STAT 313: Midterm Project Proposal
Due February 5, 2023 by 5pm
This week you will get started on your midterm project by selecting what dataset you wish to analyze and writing an introduction about the dataset you chose.
1 Pick a Dataset
I’ve compiled a list of datasets from a variety of contexts, all which are relatively tidy and ready for analysis. Each of these datasets have sufficient numerical and categorical variables for you to use the dataset for both your Midterm Project and your Final Project!
Each of these datasets are included in an R package, so there is no need for you to download the dataset! All you will need to do is load in the necessary package (e.g., library(lterdatasampler)
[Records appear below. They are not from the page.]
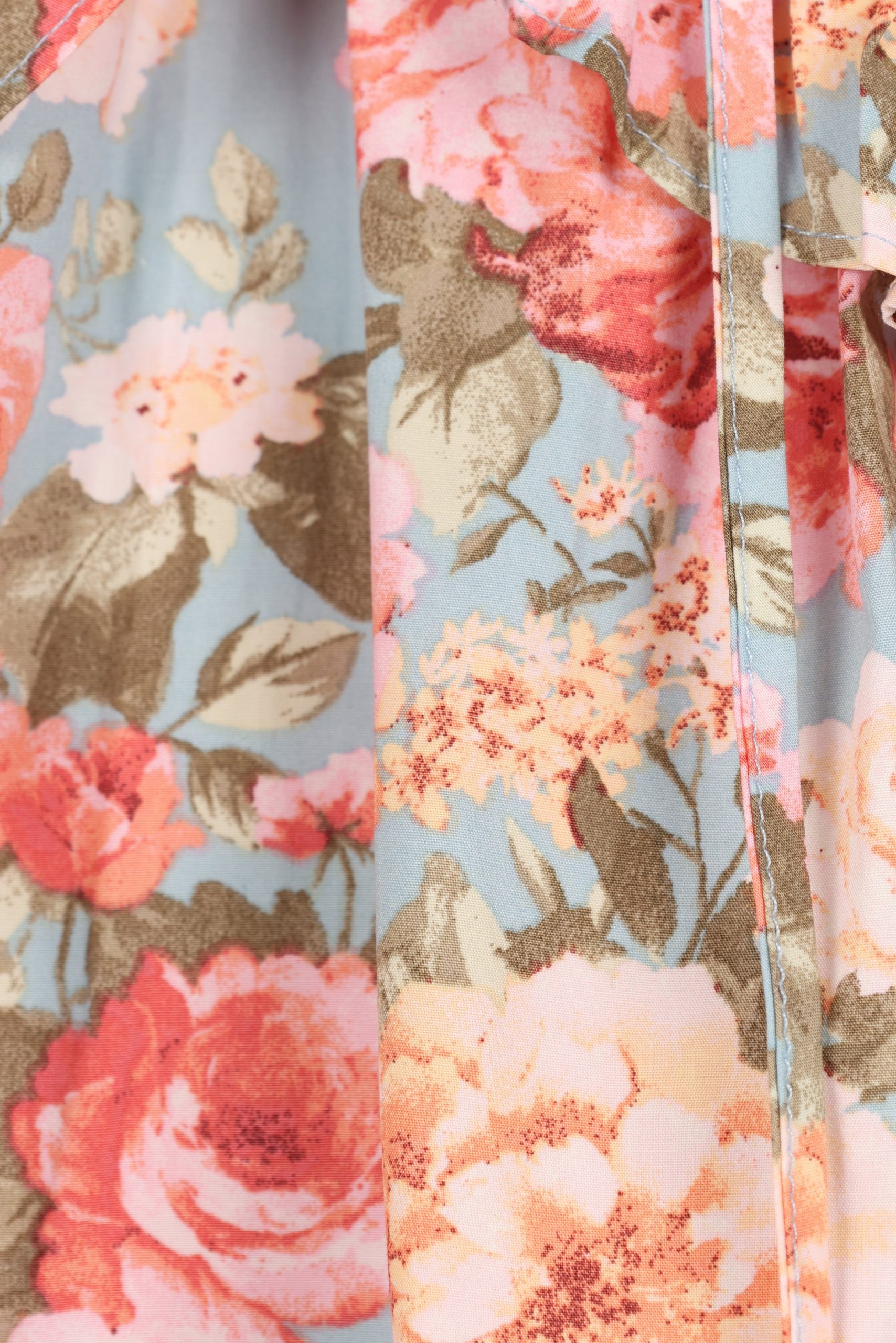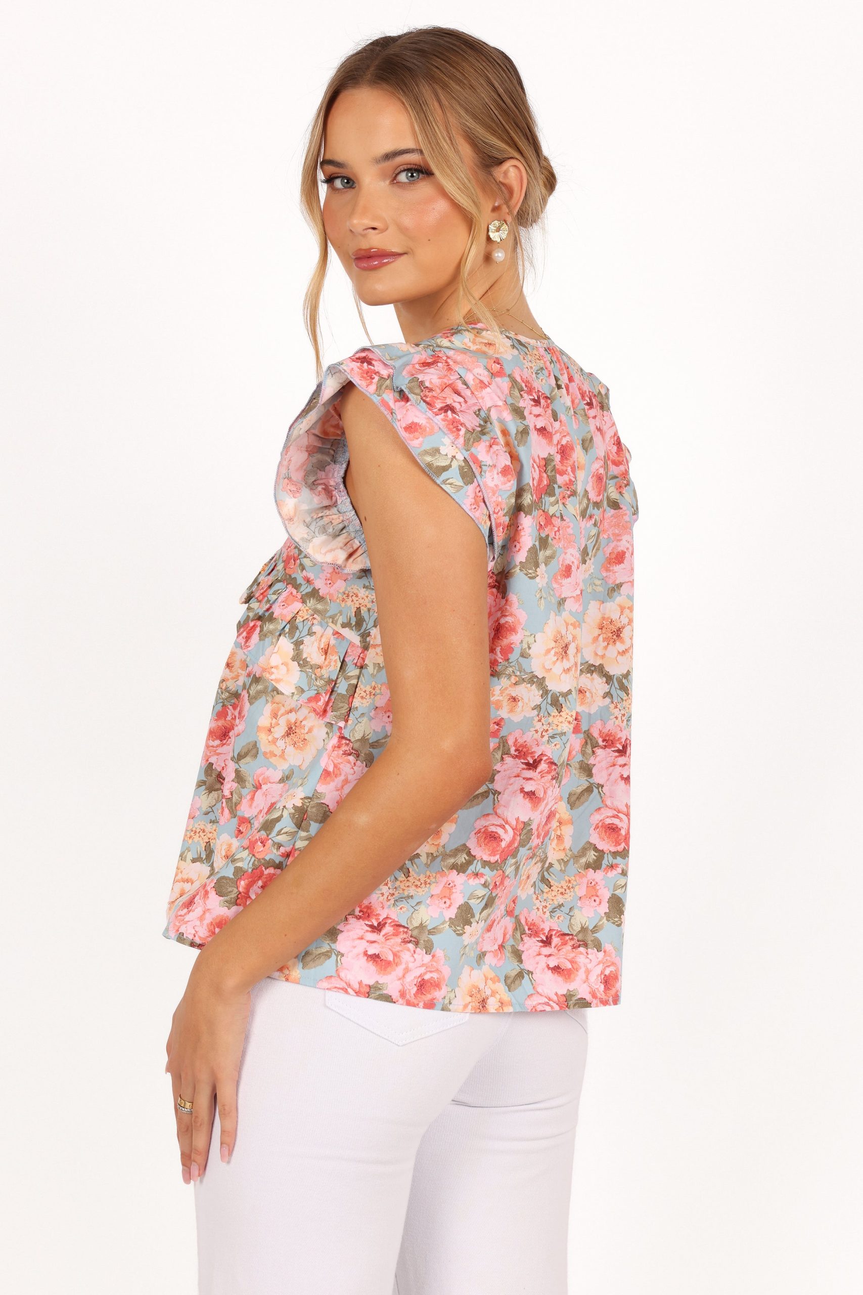 Discover timeless elegance with the Gracey Top in Vintage Blue. Crafted for those who appreciate refined . this top features a high neckline with a tie close. The short ruffle sleeves and front cut-out detail add a subtle yet charming flair.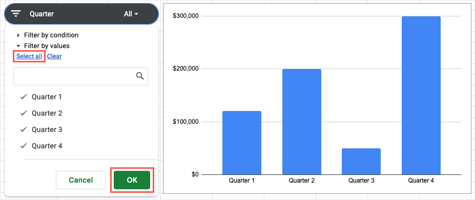 Щоб повернути діаграму до початкового вигляду з усіма даними, відкрийте фільтр і виберітьВибрати все>добре.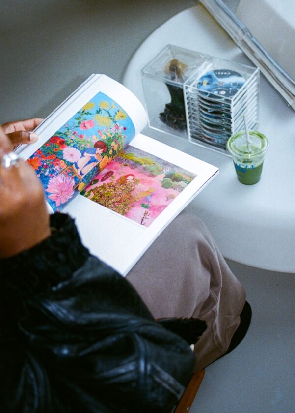今回のお披露目会は、写真や映像を手がけるアーティスト アイボリー・キャンベルの共同キュレーションによって実現したもの。紙の質感を確かめながら雑誌を手に取る人、フラワーが揺れる午後の光、ドリンクを片手に会話を楽しむ来場者たち……。会場には、穏やかで心地よい時間が流れていた。その雰囲気の一部を、写真とともに紹介しよう。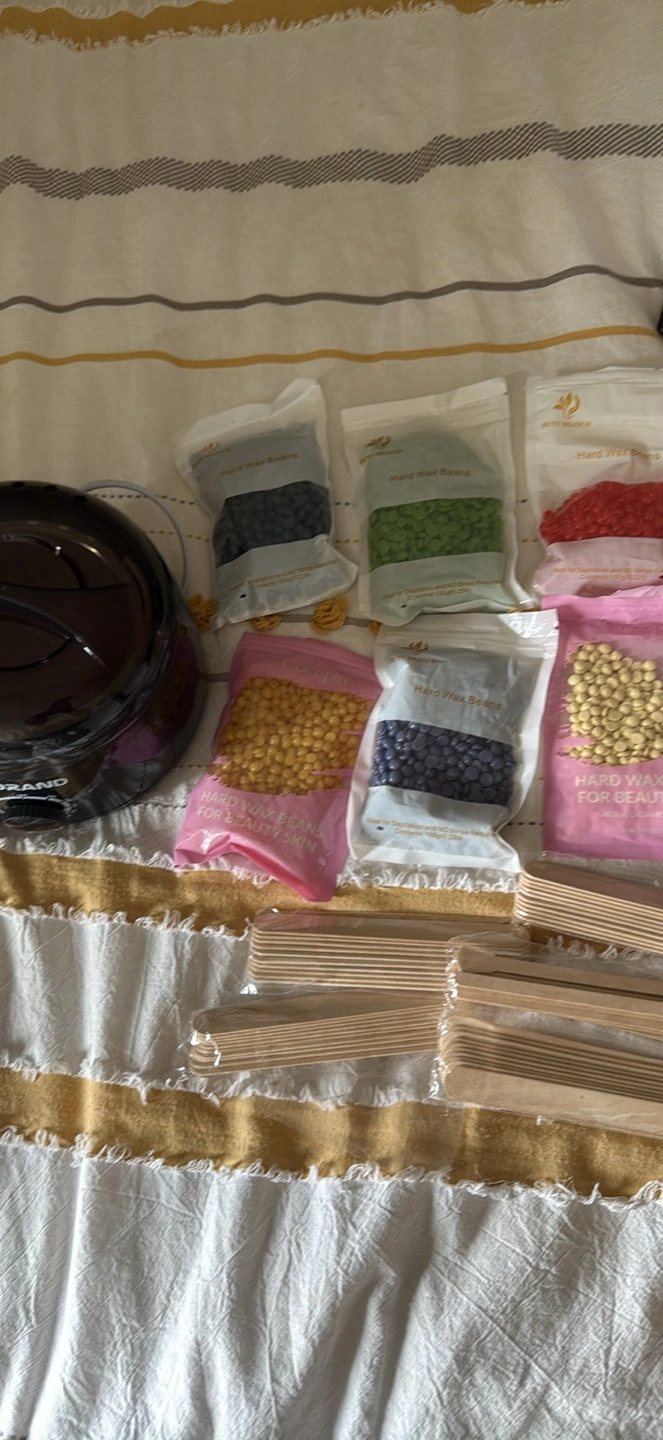 Wax warmer and various colours of hard wax beans. Includes many wooden spatulas. Ideal for at-home waxing.

) at the beginning of your analysis.
1.1 From the lterdatasampler package:
and_vertebrates
: Size data for Cutthroat trout and salamanders in different sections of forest (from Lab 3).- Additional information about the data: https://lter.github.io/lterdatasampler/articles/and_vertebrates_vignette.html
- Publication resulting from data collected
hbr_maples
: Data on the growth of Sugar Maple (Acer saccharum) seedlings in response to calcium addition.- Additional information about the data: https://lter.github.io/lterdatasampler/articles/hbr_maples_vignette.html
- Publication resulting from data collected
nwt_pikas
: Data on the stress of p- Additional information about data: https://lter.github.io/lterdatasampler/articles/nwt_pikas_vignette.html
- Publication resulting from data collected
1.2 From the openintro package:
births14
: Data from US births from 2014 (similar toncbirths
dataset from Week 4).
possum
: Data representing possums in Australia and New Guinea
1.3 From the moderndive package:
evals
: Data from end of semester student evaluations from University of Texas at Austin (discussed in ModernDive textbook)
1.4 Deliverable
For the Midterm Project Proposal assignment on Canvas, you are required to state at the beginning of the document, the name of the dataset you have chosen to use.
Every dataset is included in an R package, so there is no need to download the raw data file!
2 Write an Introduction
Step 1: Describe the context of your dataset in your own words! How were the data collected? Was there a study these data came from? Were these data included in any publications?
There are at least two resource files / websites linked for each dataset. Please read through these resources when writing your Introduction.
Step 2: Choose your variables
We will using a linear regression to analyze the data you chose. Thus, there are some stipulations for the variables you can choose. You must choose
- one numeric variable for the response variable
- one numeric variable for the explanatory variable
- one categorical variable for the explanatory variable
Describe each variable you chose for your analysis—how was the variable measured? What unit was the variable measured in? What types of values does the variable take on? e.g., what are the different levels / values of the categorical variable?
3 Submitting on Canvas
For the Midterm Project Proposal assignment on Canvas, your proposal is required to consist of both components (chosen dataset and introduction).
You are allowed to use any text editing software to make your proposal (e.g., Word, Pages, Google Docs), but your submission must be a PDF. If you are unsure how to save your file as a PDF, I recommend using Google!